We also really appreciated our agent's restaurant recommendations. Andy’s Izakaya in Tokyo was amazing. We devoured over three pounds of delicious crab at a great price. Our agent was really good at recommending restaurants that combined superlative food with incredible value. Indeed, that was a common theme with everything he did. Exceptional service or quality at a really reasonable price. That is why I whole-heartedly endorse his agency with no reservation. At very little extra cost, if any, versus doing-it yourself or joining a touring herd, his expertise turned what would have been a so-so vacation into a superlative one. In short, his service was not only superior, but an exceptional value.
Anyway, I cannot thank our agent or this travel company enough for arranging and executing a 30th anniversary trip that we will never forget. While I remain largely an Italian at heart, I think there’s a bit of Nihon-Jin in there too. What’s not to love? Fantastic food, fascinating sights, great tradition, genuine hospitality, and amazing technology. Early in the trip, after Jana’s many lengthy and surreptitious trips to the bathroom,, I feared my wife might elope with Toto, the Japanese toilet, but our marriage managed to weather the challenge! Anyway, God willing, I hope to return one day, again with this agency's guidance. I doubt that even another typhoon could keep me away!

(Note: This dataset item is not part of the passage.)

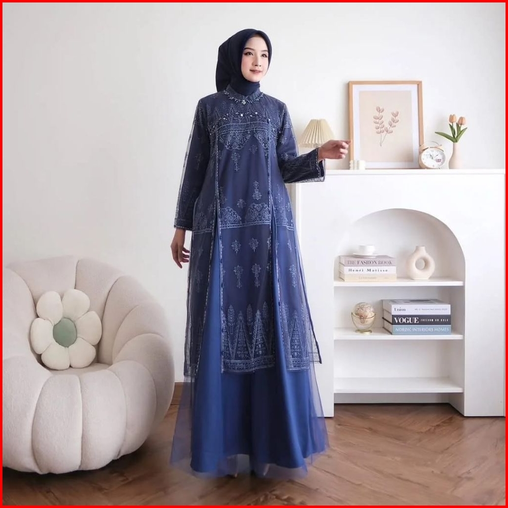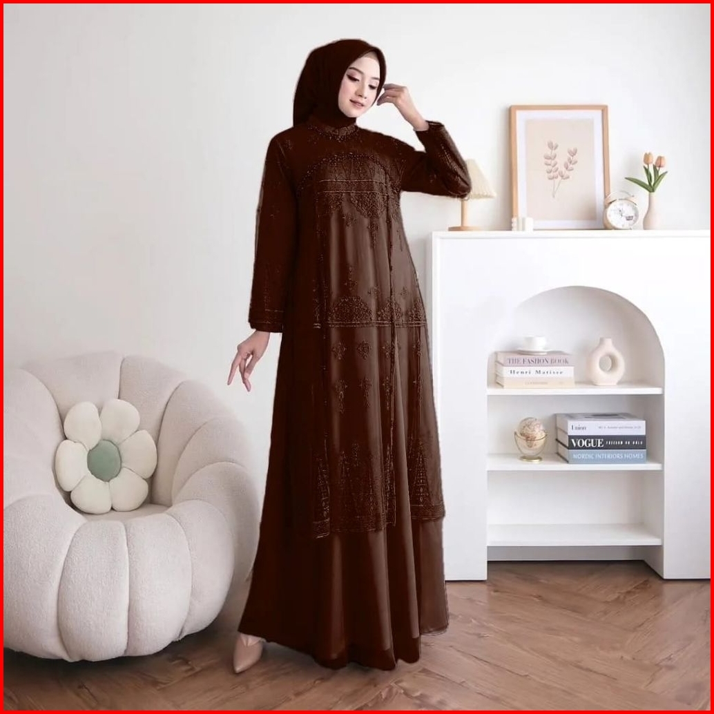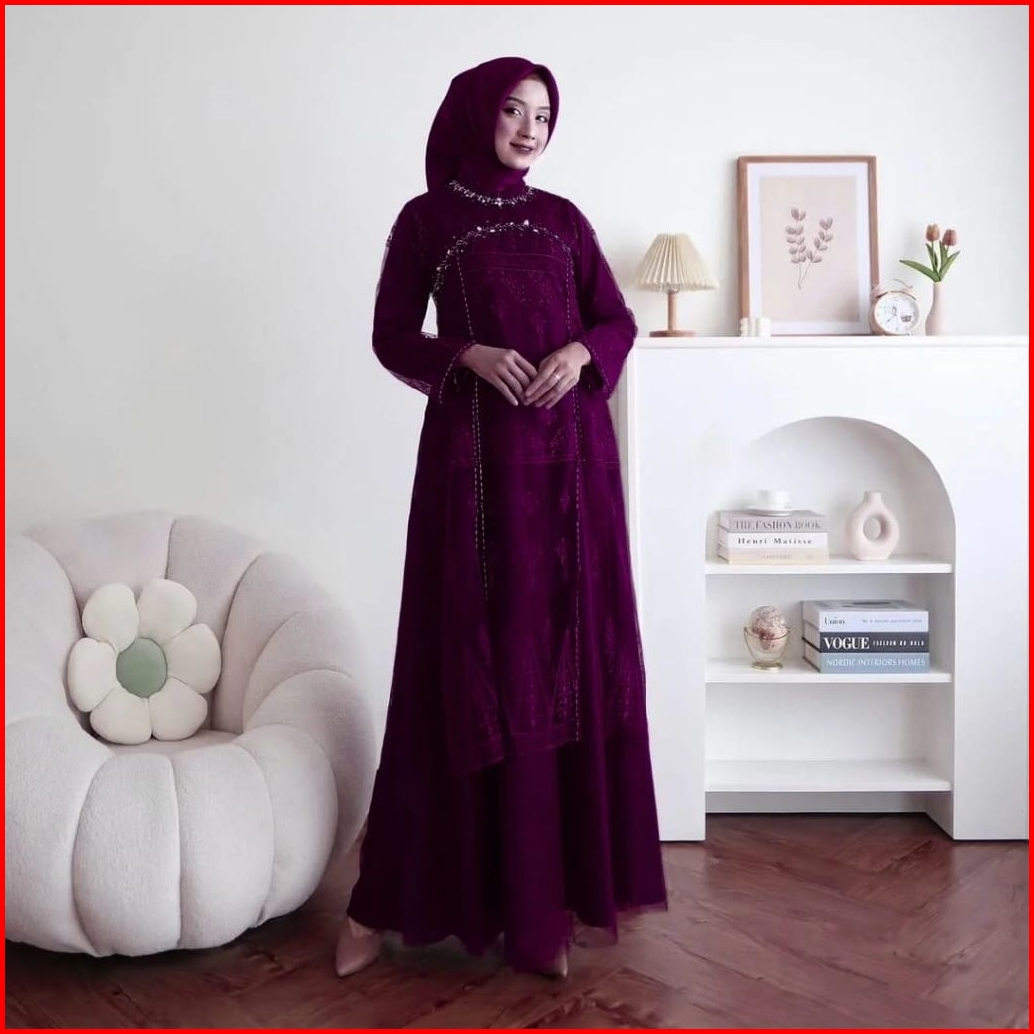 Aruna Tile Puring Mix Burkat Aplikasi Payet Mutiara Premium Dress Simple Elegan Mewah Gamis Kondanga

Japan is an incredibly clean and well-run place, full of delicious food and amazing scenery. What we relished most, however, was the warmth of the Japanese people. Their justifiable pride in their own rich culture was matched with an authentic fondness for their guests. The first night, my wife and I went to a place in Kyoto called Kappa Sushi. We hadn’t a clue what we were doing. The sushi chef, as well as a kind couple next to us, came to our aid. After gently alerting us to our clumsy technique, they treated us to grilled eel and several other delicacies, as well as a round of exceptional sake. The husband then invited us to an elegant nearby bar that he owned. There, we met many other Japanese, one of who went to the University of Georgia, where our daughter’s boyfriend’s recently started law school. We also shared lots of drinks and even more laughs. I kept meaning to tell the owner that his English was really good, but instead drunkenly lauded his Japanese (“anata no nihongo ga jozu desu”), which resulted in much toasting and merriment.

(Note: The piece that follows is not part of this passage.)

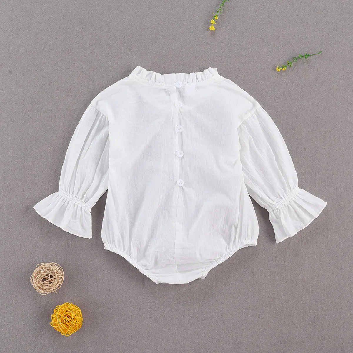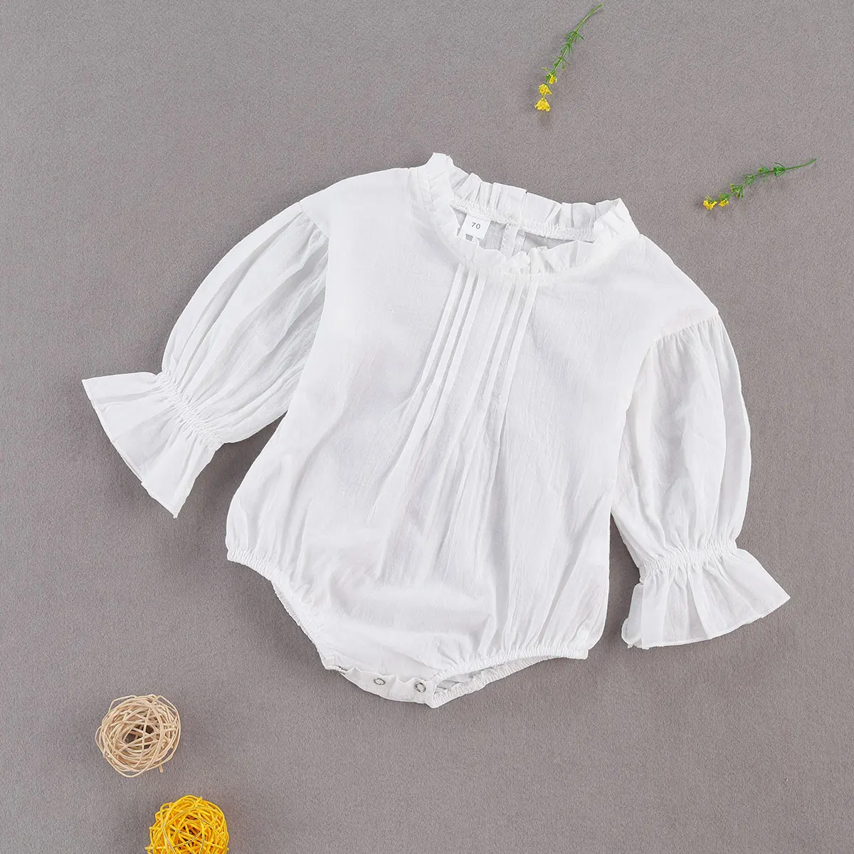 FOCUSNORMоднотонный кружевной комбинезон для маленьких девочек 0-24 месяцев; Осенний комбинезон принцессы с длинными рукавами и оборками и круглым вырезом

The locals’ kindnesses were virtually innumerable. From comped wine bottles to surprise anniversary cakes to complimentary after-dinner liquers, the Japanese proved themselves as generous as they were polite. The whole staff at the Tanabe Ryokan was incredibly warm and welcoming. They playfully mocked our lousy Kimono-tying and chopstick-eating skills, while filling us full of sake and their delicious culinary creations.

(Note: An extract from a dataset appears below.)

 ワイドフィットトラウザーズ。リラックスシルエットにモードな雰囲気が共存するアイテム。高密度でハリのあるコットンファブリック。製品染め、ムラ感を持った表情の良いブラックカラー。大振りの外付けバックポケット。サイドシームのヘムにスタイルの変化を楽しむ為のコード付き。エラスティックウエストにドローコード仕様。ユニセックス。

In many ways, I found the courtesy, cooperation, and kindness of the Japanese culture a vast improvement over our own American tendency to disorder and self-absorption.. Besides our evident admiration for our hosts, I think they really appreciated it when told “totemo tanoshi-katta desu” and “owarimashita, okan-joo, onegaishimas,” “nihon-jin wa shitashimiyasui-desu” and the like. Honestly, you can speak their language like a 3 year-old with a knife through your head, and they’ll smile deeply and laud you as “nihongo ga jouzu-ni hanashemas.”
For a fist trip to Japan, the itinerary, service, etc., was practically flawless (99.9%). The only shortcoming, incredibly minuscule, was a meditation class where the Buddhist monk tried too hard to appeal to Western sensibilities.